Richard Kandt (17 December 1867, in Posen – 29 April 1918, in Nuremberg; original name Kantorowicz) was a German physician and explorer of Africa.


Richard Kandt started as a psychiatrist in Bayreuth and Munich. Between 1897 and 1904 he explored the North-West of German East Africa and in 1907 was appointed as Resident of Rwanda, where he founded Kigali. Nearly a century after his death, Kandt still is a well-respected person in Rwanda. His former house in Kigali is now a natural history museum.[1]

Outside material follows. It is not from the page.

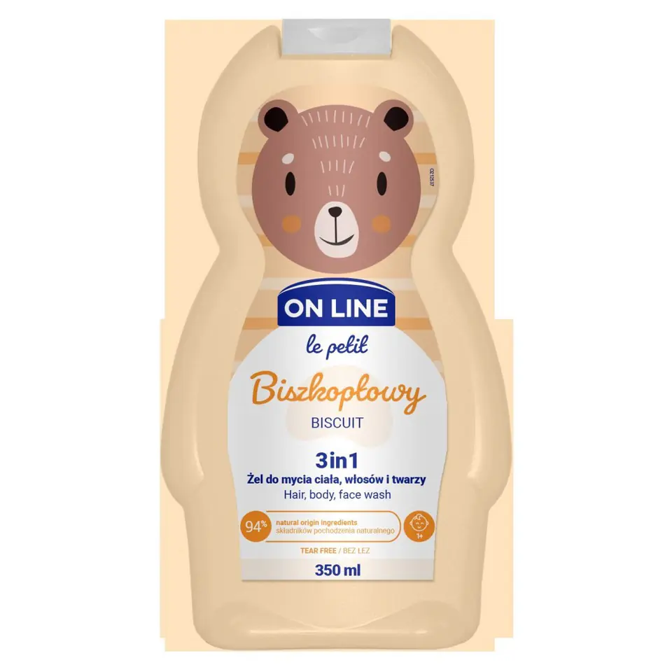 Moisturizing gel 3in1 with the smell of vanilla sponge cake. It washes while caring for the baby's body, hair and face. It does not pinch the eyes, facilitates combing the hair after bathing and reduces their electrification. The dermatologically tested product contains 94% ingredients of natural origin. It has a neutral pH. Can be used above 1 year of age. Suitable for sensitive skin. To use and precautions: Apply to moistened skin and hair.

File:Kandt-Reise 1897-98.jpg

Kandt's expedition 1897-1901

House of Kandt in Kigali

In July 1897 he started from Bagamoyo and in July 1898 Richard Kandt discovered one of the Nile-sources in the Nyungwe Forest of Rwanda, the essential Nile-source in his opinion. Kandt tells about this in his book Caput Nili, a deliberately more fancy than erudite work. In 1898, he discovered the source of the Kagera River.[2] Between 1899 and 1901 he explored the Lake Kivu.

Since about 1900 he was a close friend with the writer Richard Voss.

On 2 July 1917 Kandt suffered a gas poisoning in World War I on the eastern front. Little later he caught a miliary tuberculosis in Poland. He died 29 April 1918 in a military hospital in Nuremberg.[3]


  • Caput Nili – eine empfindsame Reise zu den Quellen des Nils. Dietrich Reimer Verlag Berlin, 1904, 6.ergänzte Auflage 1921
  • Seele klingt. Dietrich Reimer Verlag, Berlin 1918. Poems, edited posthumously by Franz Stuhlmann.